With the increasing popularity of to-go food containers, there has been a corresponding increase in the amount of plastic waste. However, there are ways to reuse these containers and help to reduce environmental waste. One idea is to use them as seed starters for new plants. 

Simply clean out the containers and fill them with soil. Then, plant your seeds and water them as usual.

To-go containers with plastic lids work extremely well for starting seeds – it’s like their own greenhouse!

Egg Cartons

If you’re looking for an inexpensive way to start your seeds, egg cartons are a great option. 

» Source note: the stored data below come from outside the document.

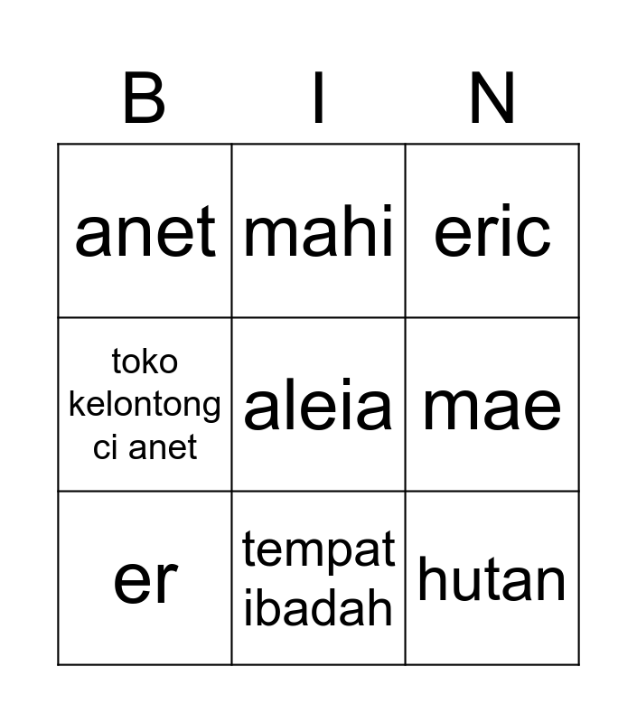 This bingo card has a free space and 8 words: mae, eric, mahi, er, anet, hutan, toko kelontong ci anet and tempat ibadah.
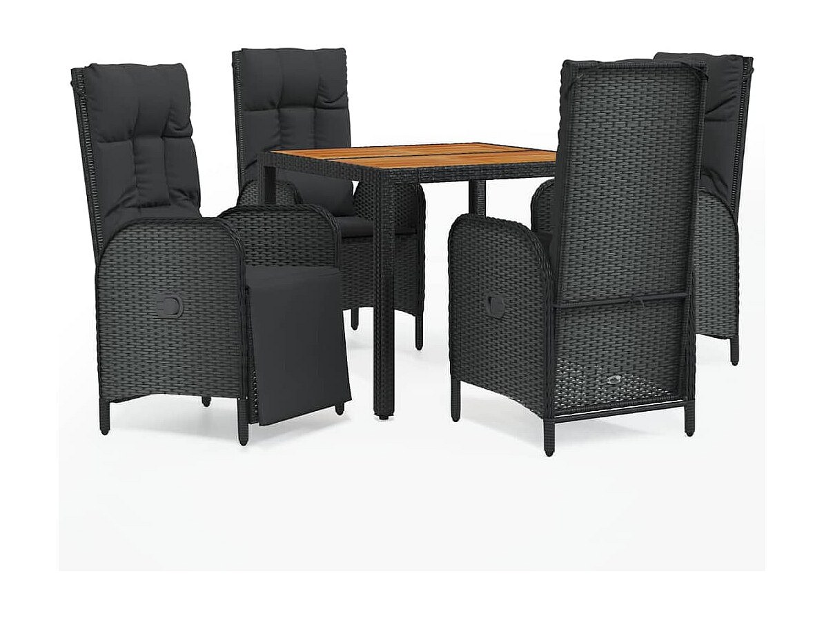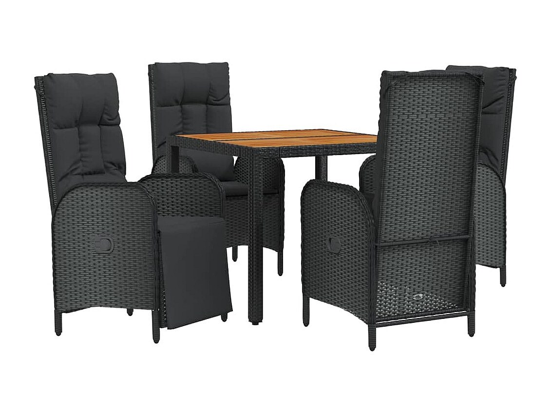 Arvild 5-delige Tuinset met kussens poly rattan zwart
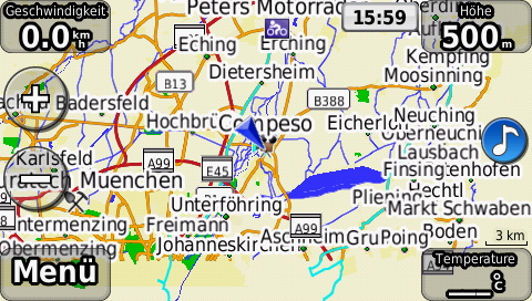 Jedoch kein Licht ohne Schatten, so hat die aktuelle Betaversion der Firmware natuerlich auch noch kleine Bugs. Prompter Absturz folgt, wenn man einen Track von etwa 150 km Laenge hat und dessen Hoehenprofil ansehen will. Plopp, Navi aus. Reproduzierbar. Oder aus dem Hauptmenue heraus eine Route oder Trackback aufrufen, man landet in der klassischen Darstellung des Routingbildschirmes. Menue -> Karte und man hat wieder die gewuenschte Darstellung ((in meinem Fall die „more View“)). Aber das sind Kleinigkeiten denen in der Betaphase keine grosse Bedeutung beigemessen werden sollte.
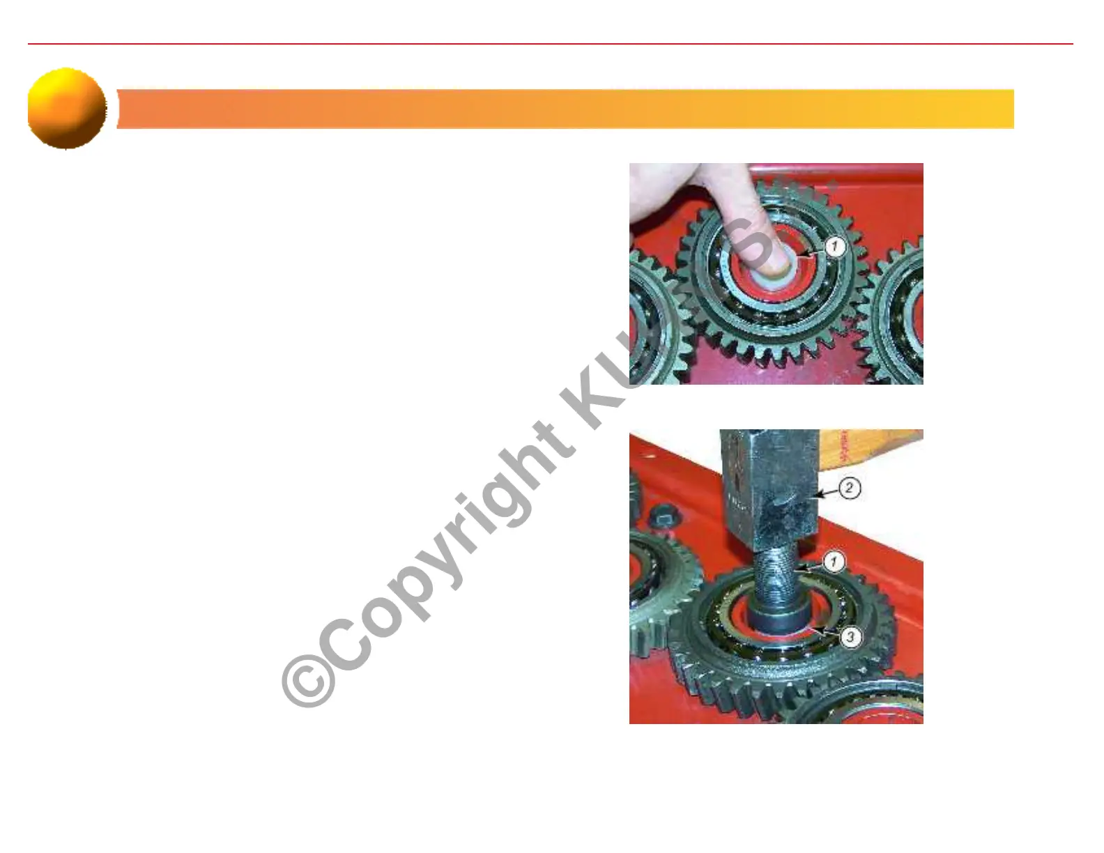 Use screw (1) and hammer (2) to fully insert nylon bush
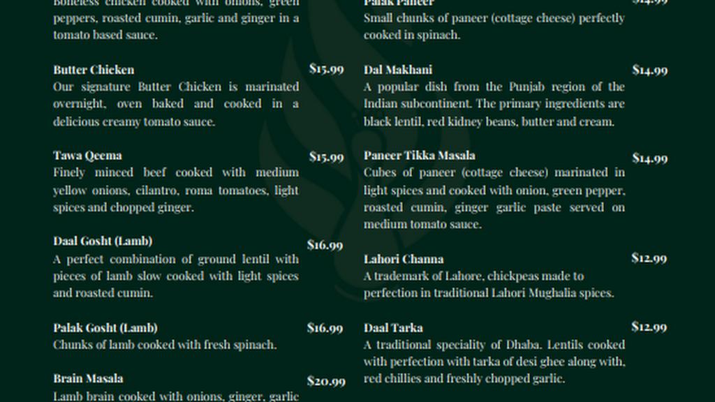 I like spicy and flavour and everything we got packed a punch and it was awesome. We got butter chicken, beef seekh kabab and chicken biryani with naan and rice. Everything was delicious and will definitely go back. Our waitress was friendly and helpful.
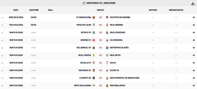 雷速体育10月30日宣 由于马德里竞技、巴塞罗那、毕尔巴鄂竞技、皇家马德里四队要在明年1月参加西班牙超级杯,为避免赛程冲突,西甲第19轮不得不提前进行。

To use egg cartons as seed starters, simply fill each cup with potting mix and wet it down. Then, sow your seeds according to the package directions. 

Once your seeds have germinated, you can transplant them into individual pots or outdoor beds. 

Toilet Paper Rolls

One common recycled material that can be used for seedlings is toilet paper rolls. They can easily be repurposed into seed starters. Simply cut the roll in half lengthwise and fold the edges over to create a small cup. Then, fill the cup with potting soil and add your seeds.

Old Newspapers 

A thrifty alternative is to use old newspapers to make your own seed-starting containers. Simply roll up a sheet of newspaper into a cone, wet it thoroughly, and then press it into a small container such as a yogurt cup. Once the newspaper has dried, it will be stiff enough to hold its shape.

Here’s a video that will tell you how to complete the process:

Seed Starter Ideas For Eco-Friendly Gardening

By recycling materials and using organic methods, you can create effective seed starters while also being environmentally friendly. Not only is this good for the planet, but it’s also great for your garden! Have you tried making your own seed starters? If not, what are you waiting for?